-
Notifications
You must be signed in to change notification settings - Fork 43
Nested query results
SQL queries take "flat" tables (i.e. multisets of records whose fields are values of "base" type) and produce "flat" tables as results. By default, Links supports SQL-like queries with flat inputs and flat outputs, for example:
for (d <-- departments)
for (e <-- employees)
where(d.name == e.dept)
[(dept = d.name, name = e.name)]
This query will return a table with one row for each employee, giving their name and their department name. There is a fair amount of redundancy: if there are 50 people in the "Department of Redundancy Department", then there will be 50 copies of the department name in the result.
Links now also supports nested query results using a technique called query shredding, described in a SIGMOD 2014 paper and tech report referenced below. Using the query nested
keyword combination will evaluate queries whose results involve arbitrary combinations of collection (list/multiset), record, and base types. For example:
query nested {
for (d <-- departments)
[(dept = d.name, emps = for (e <-- employees)
where(d.name == e.dept)
[e.name])]
}
Notice that the above query has return type [(dept:String,emps:[String])]
, i.e. it is not a flat table result but has some nesting of collections in the emps
field. By default Links would reject this query because the result is not flat. With shredding enabled, Links executes this query; it is translated to two SQL queries yielding flat results and then the results are "stitched" together into a nested Links value. Moreover, with shredding enabled Links can handle queries with arbitrary nesting in the query result, subject to some caveats below.

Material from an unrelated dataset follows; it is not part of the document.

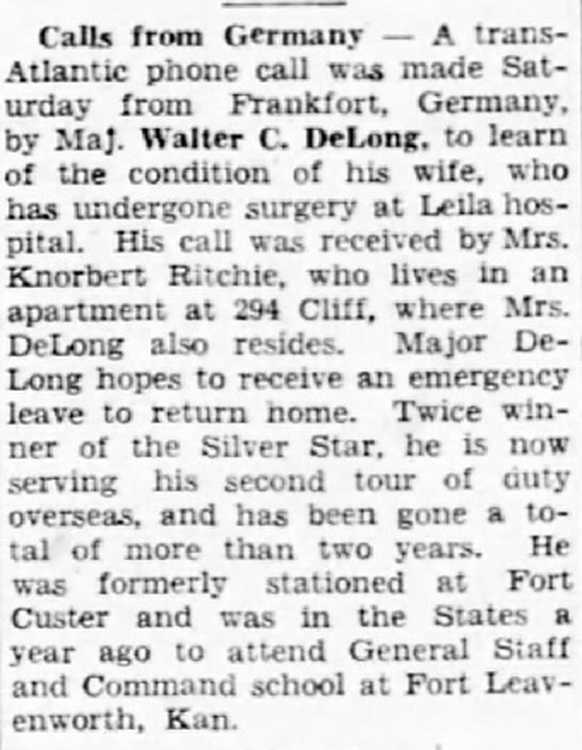 Germany, by Maj. Walter C DeLong. to learn of the condition of his wife,

Experience with GtoPdb suggests that using query nested
can result in good performance compared to a conventional (perhaps overly conservative) data access layer implemented in Java [Fowler et al. 2020].

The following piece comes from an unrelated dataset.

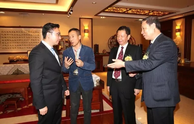 中国家具协会副理事长刘金良(右一)、中国家具协会传统家具专业委员会秘书长姜恒夫(左二)莅临发布会现场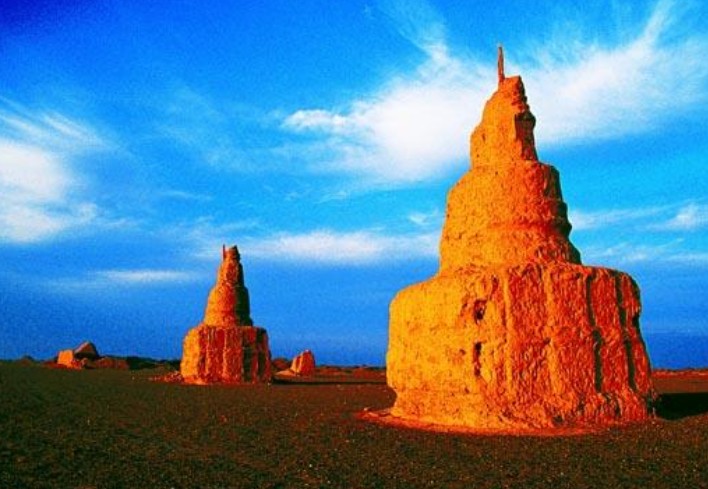 居延文化遺址:漢代時,居延、肩水兩都尉均為張掖郡所轄,因此將其所建邊塞城、障、烽、燧、塞墻等遺址現統稱居延遺址。

Shredding is currently only known to be supported by PostgreSQL and more recent versions of SQLite3 and MySQL. It should work with other databases that support SQL:1999 but we haven't tested support with them. Trying to use shredding with a database not supporting SQL:1999 features such as ROW_NUMBER
will result in undefined behavior (probably just a runtime exception). It would be good to catch this statically or, failing that, make sure that the runtime exception is not too mysterious.

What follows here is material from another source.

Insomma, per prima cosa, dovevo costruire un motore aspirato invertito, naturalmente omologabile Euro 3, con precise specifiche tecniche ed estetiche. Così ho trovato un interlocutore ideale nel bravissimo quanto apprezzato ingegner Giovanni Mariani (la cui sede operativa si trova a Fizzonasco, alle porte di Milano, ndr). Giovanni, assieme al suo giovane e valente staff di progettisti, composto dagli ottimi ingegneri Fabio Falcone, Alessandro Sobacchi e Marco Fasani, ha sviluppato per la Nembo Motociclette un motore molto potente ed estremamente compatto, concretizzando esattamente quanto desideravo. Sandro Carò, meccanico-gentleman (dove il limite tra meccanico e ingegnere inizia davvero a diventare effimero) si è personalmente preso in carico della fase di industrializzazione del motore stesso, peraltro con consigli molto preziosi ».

Links supports some simple forms of aggregation (e.g. SQL's count
, written in Links as length
), limiting (e.g. SQL's limit N
) and sorting (e.g. order by
). The interactions between nested query results and these features are not well understood, so for queries that rely on these features, shredding may not work.
Currently Links supports two query policies, namely nested
(described above) and flat
(the classic behavior, which supports only flat query results and also supports some features such as count, ordering and limit that are not supported by query nested
. Other policies may be added e.g. to support experimental features or prototype improvements to query support.